_REQUIREMENT_: Write out exactly, please, every line from the beginning of the entries to the line holding "Bàn học của", and no pictures.

(Extracted data entries)
#####

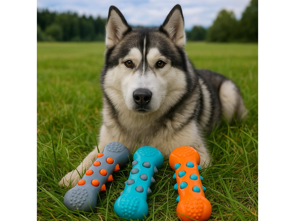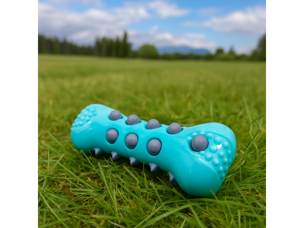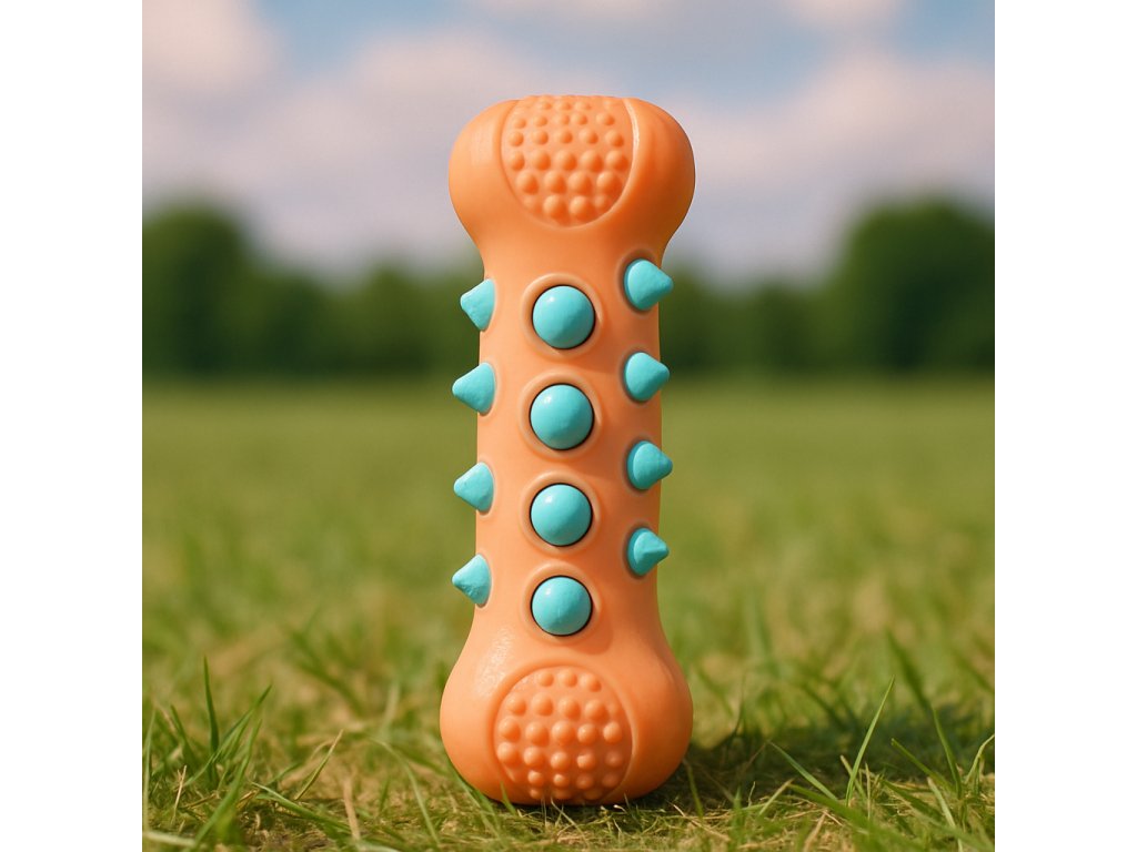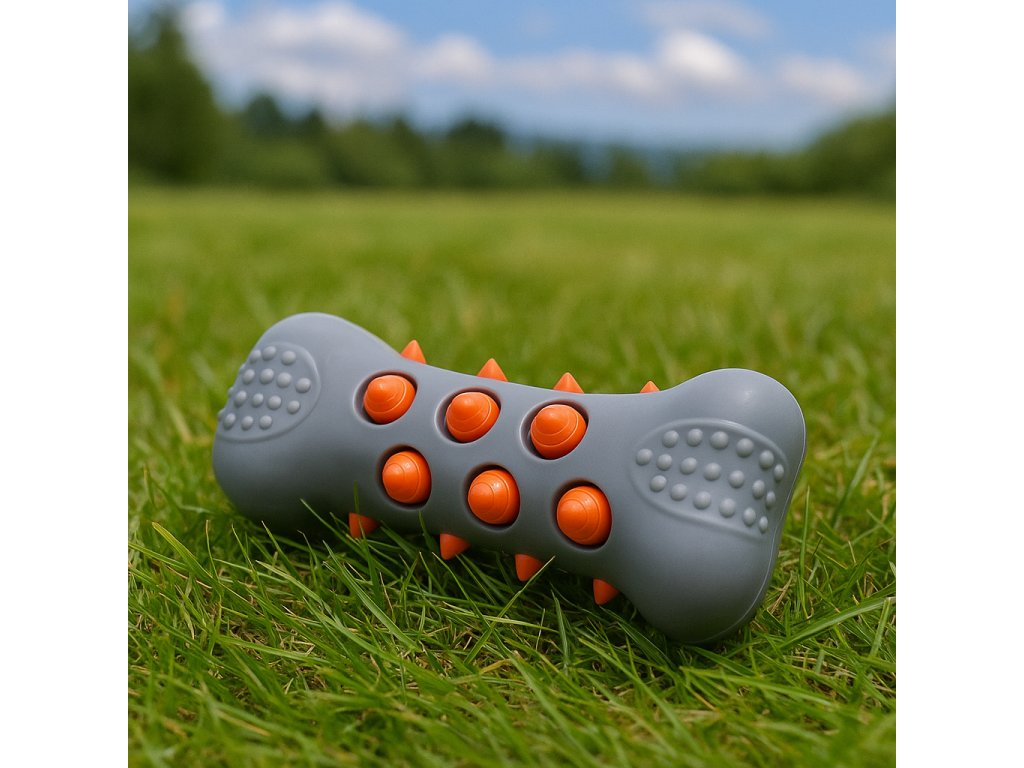Odolná gumená hračka pre psov 🐶 v tvare kosti s pískadlom, ktorá poteší každého štvornohého kamaráta. Povrch s mäkkými gumovými ostňami masíruje ďasná, čistí zuby a zároveň podporuje hravosť psa. Ideálna na aportovanie, žuvanie aj tréning.
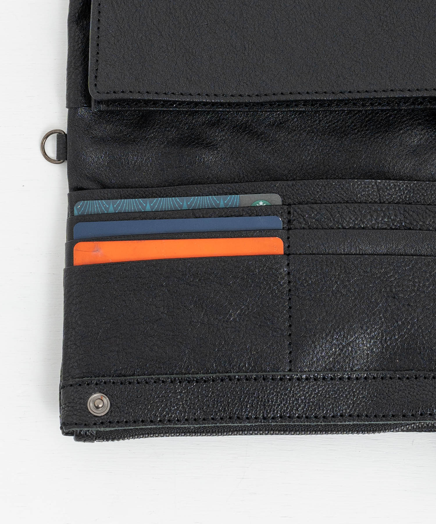 シンプルながら収納力抜群の、牛革を袋縫いにしたロングウォレット。
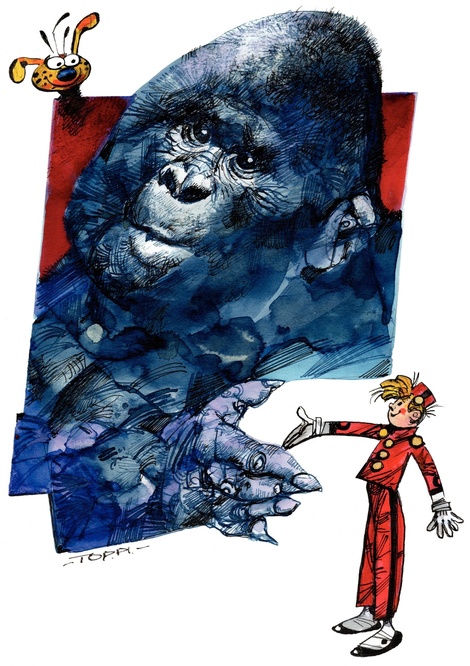 | Eerste regel origineel: | [Spirou donne un coup de main au singe] |
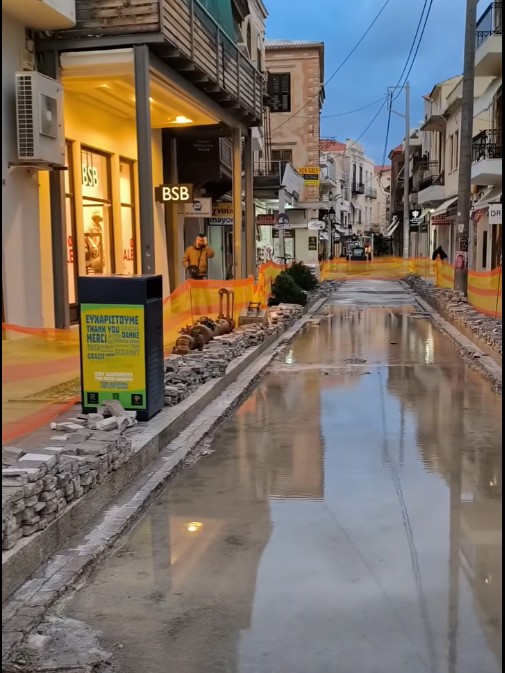 - Η οδός Αρκαδίου στο Ρέθυμνο πλημμύρισε λόγω έργων αλλαγής πλακόστρωτου.
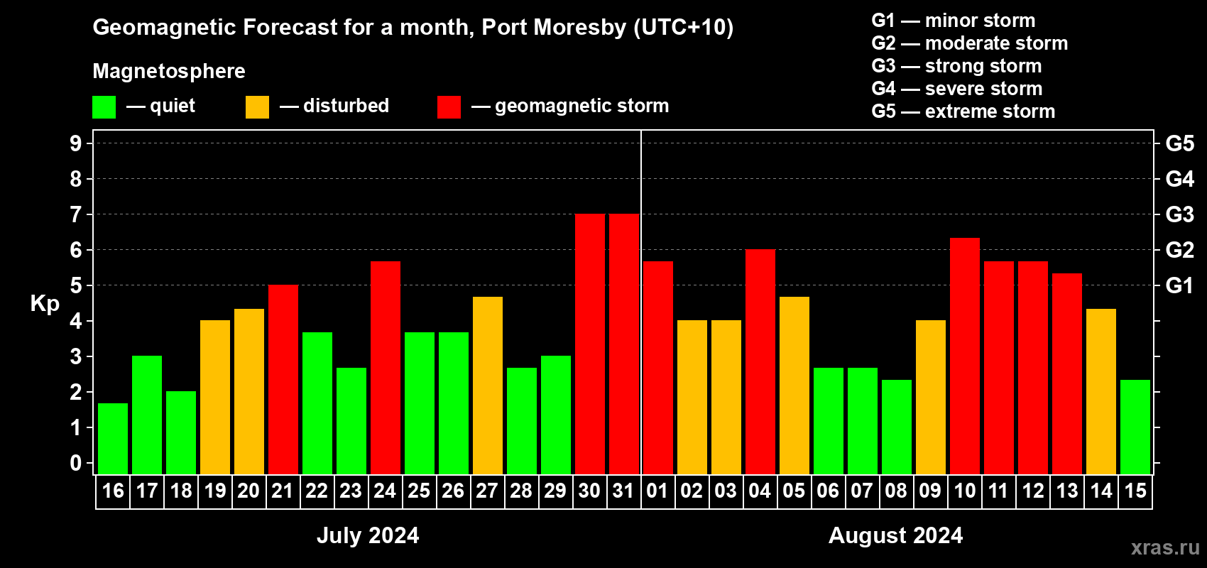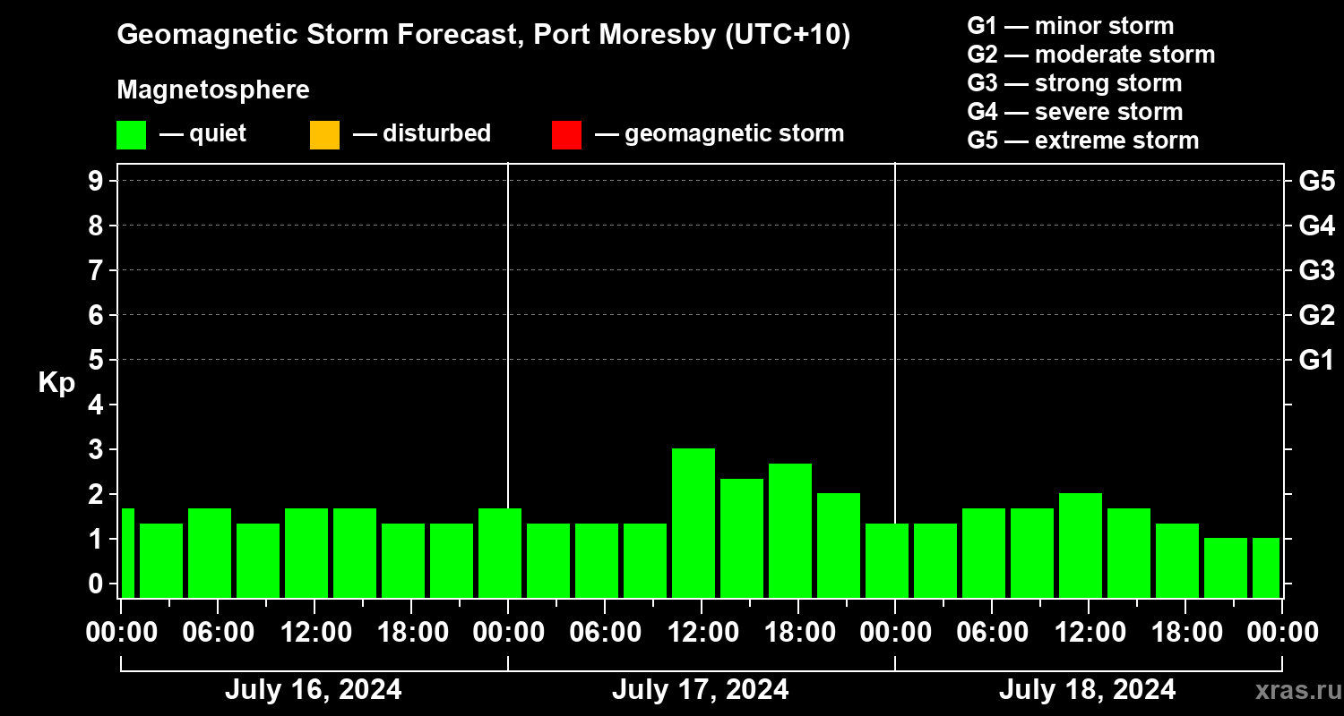 Geomagnetic storm forecast in Port Moresby for Jul 16, 2024
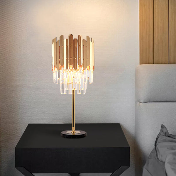 European Gold Stainless Steel Crystal 1-Light Table Lamp
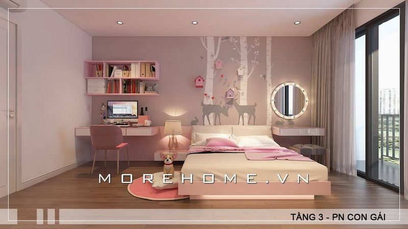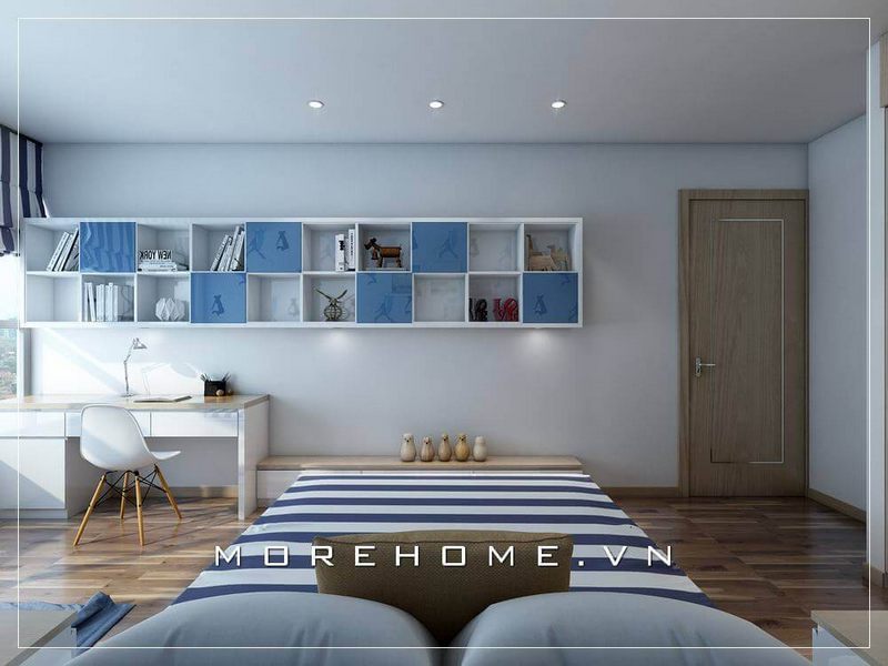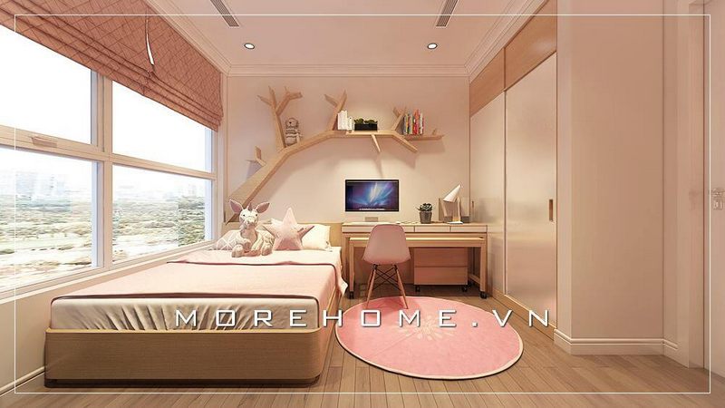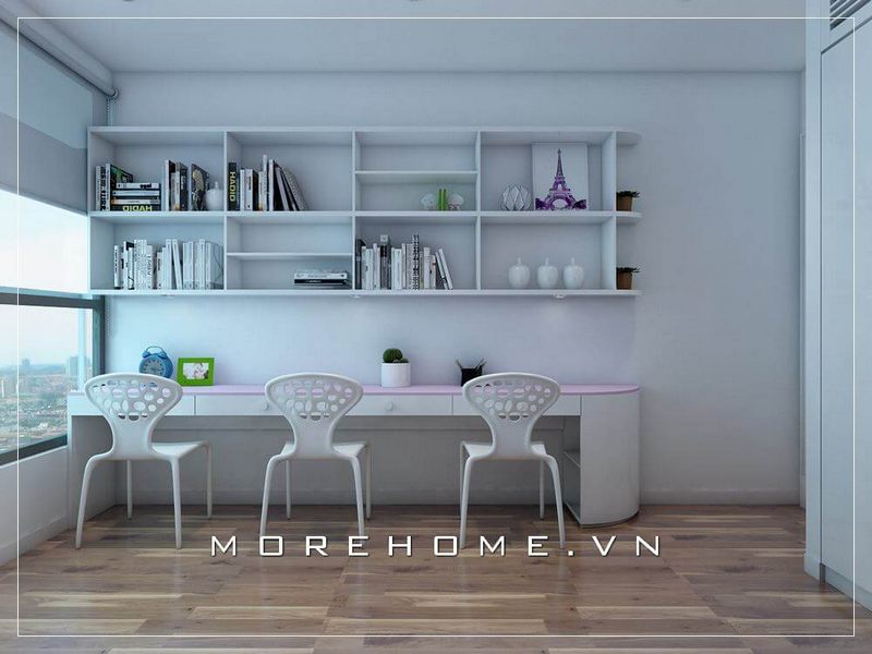 Bàn học của con được thiết kế hiện đại đặt ngay cạnh cửa sổ, giá sách treo ngay trên bàn học, giúp trí tưởng tượng bay cao, giúp bé có tư duy tốt hơn.
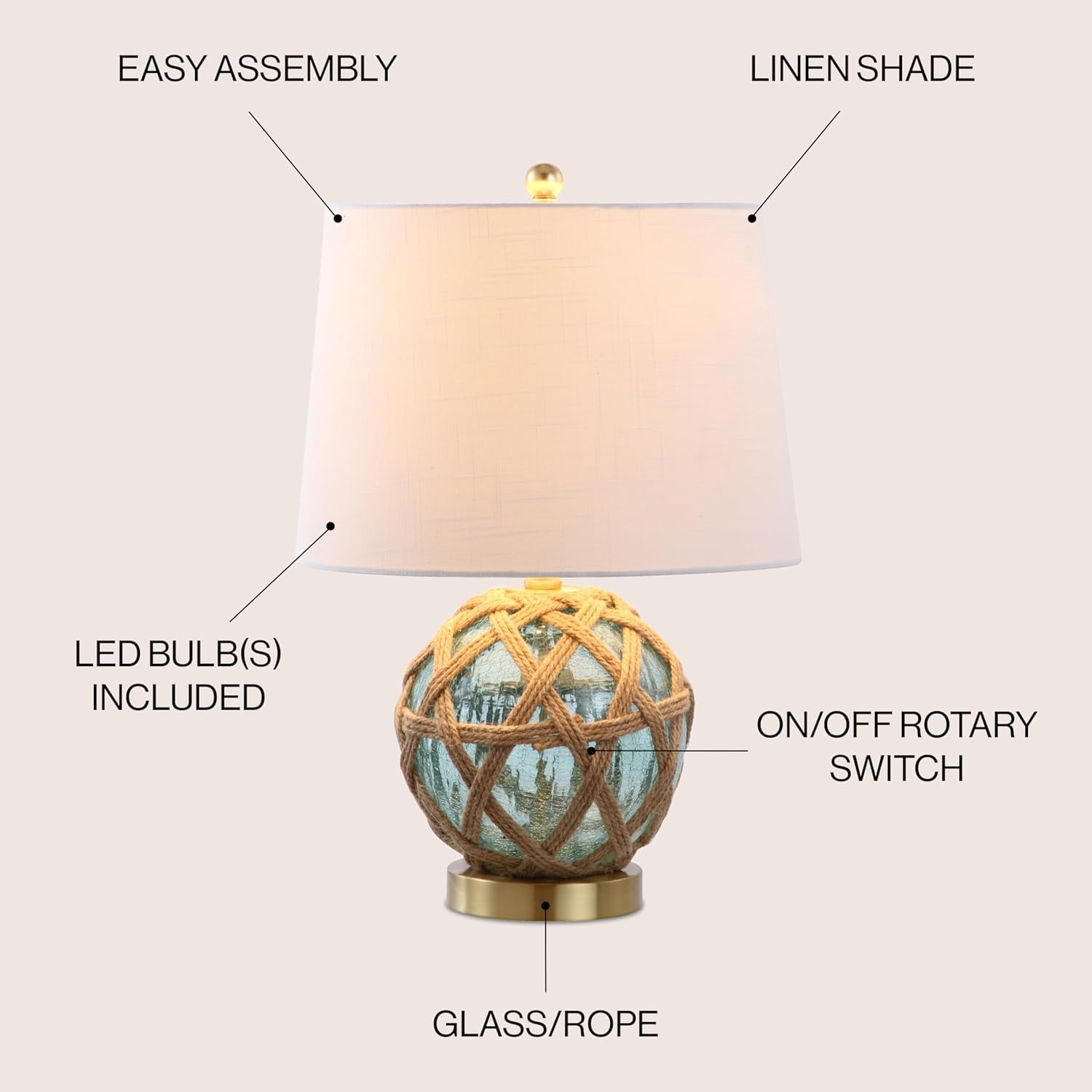 | Item Type Name | Andrews 21.5" LED Glass/Rope Table Lamp Coastal Contemporary Bedside Desk Nightstand Lamp for Bedroom Living Room Office College Bookcase |

#####

_ANSWER TO THIS TASK_:
Odolná gumená hračka pre psov 🐶 v tvare kosti s pískadlom, ktorá poteší každého štvornohého kamaráta. Povrch s mäkkými gumovými ostňami masíruje ďasná, čistí zuby a zároveň podporuje hravosť psa. Ideálna na aportovanie, žuvanie aj tréning.
 シンプルながら収納力抜群の、牛革を袋縫いにしたロングウォレット。
 | Eerste regel origineel: | [Spirou donne un coup de main au singe] |
 - Η οδός Αρκαδίου στο Ρέθυμνο πλημμύρισε λόγω έργων αλλαγής πλακόστρωτου.
 Geomagnetic storm forecast in Port Moresby for Jul 16, 2024
 European Gold Stainless Steel Crystal 1-Light Table Lamp
 Bàn học của con được thiết kế hiện đại đặt ngay cạnh cửa sổ, giá sách treo ngay trên bàn học, giúp trí tưởng tượng bay cao, giúp bé có tư duy tốt hơn.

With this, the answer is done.